Variant classification and illustration of clinically-relevant low VAF mutation. a Frequency of genes with actionable alterations, colored by alteration type. b Distribution of SNVs/indels, CNVs, and fusions. c Proportions of patients with actionable alterations, non-actionable but known alterations (as catalogued by COSMIC), and without known alterations, among the samples sequenced by CancerSCAN V2 (n = 3598). d Examples of a metastatic lung cancer patient harboring low VAF (3.5%) EGFR T790M who had partial remission (PR) to the targeted therapy. e Comparison of the progression-free survival curves for lung cancer patients (n = 65) receiving third generation EGFR-TKI therapy with EGFR T790M. There is no statistically significant difference in survival between those with high and low VAF variants. SD, stable disease; PD, progressive disease

Clinical relevance of low VAF variants

In primary tumors, a ‘driver’ mutation is expected to have a relatively high VAF due to their occurrence early in carcinogenesis and the selective advantage conferred by the mutation; in refractory tumors, however, a secondary driver mutation that arises in response to a treatment may be present with a low VAF27,28, as we showed above. To illustrate the importance of such mutations in patient care, we describe two examples of refractory cancer patients who had clinical response to targeted therapy selected based on a low VAF mutation.

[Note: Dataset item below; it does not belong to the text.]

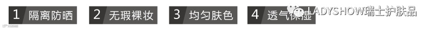 防晒绝对是夏季的必修课程,紫外线看不见摸不着,无孔不入,它对我们的伤害也是肉眼所无法看到的,即使在完善的防护措施,在它的面前也还是会有漏洞。要想尽一切办法,不给紫外线一丝可乘之机。防晒衣、遮阳帽和墨镜随身携带,隔离乳更是必不可少。阳光中的紫外线不但会使黑色素形成,还会让皮肤变得粗糙且加速老化。所以无论你黑与不黑,为了自己皮肤着想,选择一款隔离乳在肌肤表面,比过后补救来的实际得多。因此非常推荐一款瑞士淑女秀的隔离妆前乳!
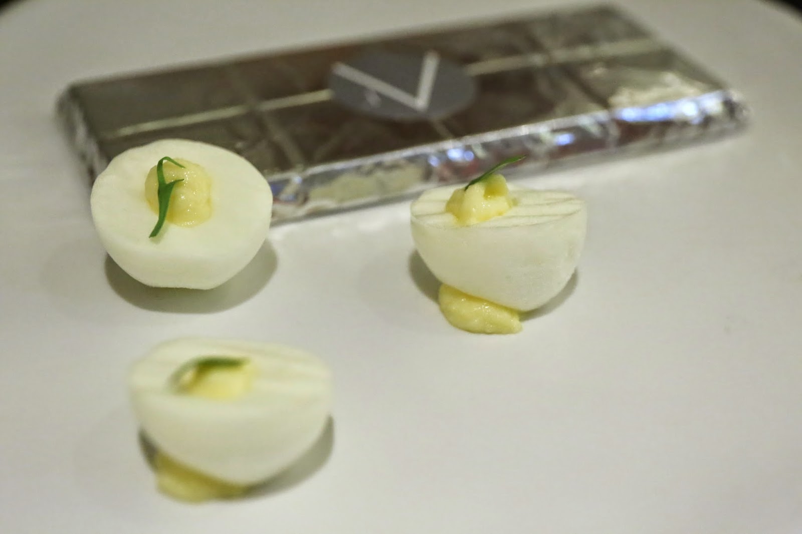 Celtuce with foie gras (?) and raspberries - can't remember what the filling was... but possibly not foie gras as the whole thing was pretty light.

The first case is a 59-year-old never-smoker female with NSCLC with multiple distant metastasis including bone and liver (Fig. 5d). She underwent a lobectomy, but the cancer recurred; in spite of palliative therapy (conventional chemotherapy, EGFR targeted therapy, and radiotherapy), her cancer progressed slowly for 5 years. When her condition worsened, she underwent a transthoracic needle aspiration biopsy. Genomic profiling of the biopsied specimen revealed EGFR L858R (29%) and T790M (3.5%). The patient was subsequently enrolled with an AZD9291 trial and achieved partial remission. The second case is a 70-year-old female patient with metastatic gastric cancer with peritoneal seeding (Supplementary Fig. 9). After failing 8 cycles of capecitabine/oxaliplatin chemotherapy, she underwent an esophagogastroduodenoscopy biopsy. Genomic profiling of the biopsied tissue revealed a PIK3CA E542K with 4.1% VAF, which was confirmed by dPCR (Supplementary Data 4). As a result, the patient was treated with an AKT inhibitor and has achieved partial remission, although the response was not durable.

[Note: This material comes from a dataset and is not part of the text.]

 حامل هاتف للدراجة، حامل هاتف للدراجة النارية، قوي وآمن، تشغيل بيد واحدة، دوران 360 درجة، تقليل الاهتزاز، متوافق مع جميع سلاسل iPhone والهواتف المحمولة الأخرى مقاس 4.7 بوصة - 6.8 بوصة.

Another approach to probe clinical relevance of low VAF variants is to compare survival data of patients with low vs high VAF variants who receive targeted therapy. If the low VAF variants are as important as the high VAF ones, we expect to see little difference in the survival curves; on the other hand, if the low VAF variants are not informative, we expect to see significant differences. Examining lung cancer patients (n = 65) with EGFR T790M who received 3rd generation EGFR-TKI, we find that the Kaplan-Meier curves for progression-free survival do not show significant differences between the low VAF cases (≤5%) and the high VAF cases (>5%) (Fig. 5e). To show that this result does not depend on the specific threshold for defining “low” vs “high” allele fraction, we also tried all possible subdivision into two groups and computed the log-rank test in each case. We observed that none of the P values were significant (Supplementary Fig. 10).

Discussion

Our analysis of 5,095 clinical samples demonstrates that a significant portion of clinically-relevant mutations are present at lower VAFs than some may have assumed. There are two primary factors for the lower VAFs. First, a substantial fraction of our cohort comprised refractory cases that had treatment-induced secondary mutations, which are more likely to have lower VAFs. Second, the estimated tumor purities in our samples were frequently low, causing the observed VAFs to be decreased by the same percentage. It is noteworthy that the clinical specimens obtained at our hospital were mainly from small biopsy specimen, so had generally lower tumor purity than those observed in TCGA samples, which were collected from operation specimen for multi-dimensional profiling (DNA sequencing, RNA-seq, SNP arrays, DNA methylation, proteomics, etc.). Given that TCGA data have been used for developing and testing many algorithms for estimating purity and somatic variant calling, those algorithms may not be optimally tuned for some small-sized clinical samples or damaged FFPE DNA.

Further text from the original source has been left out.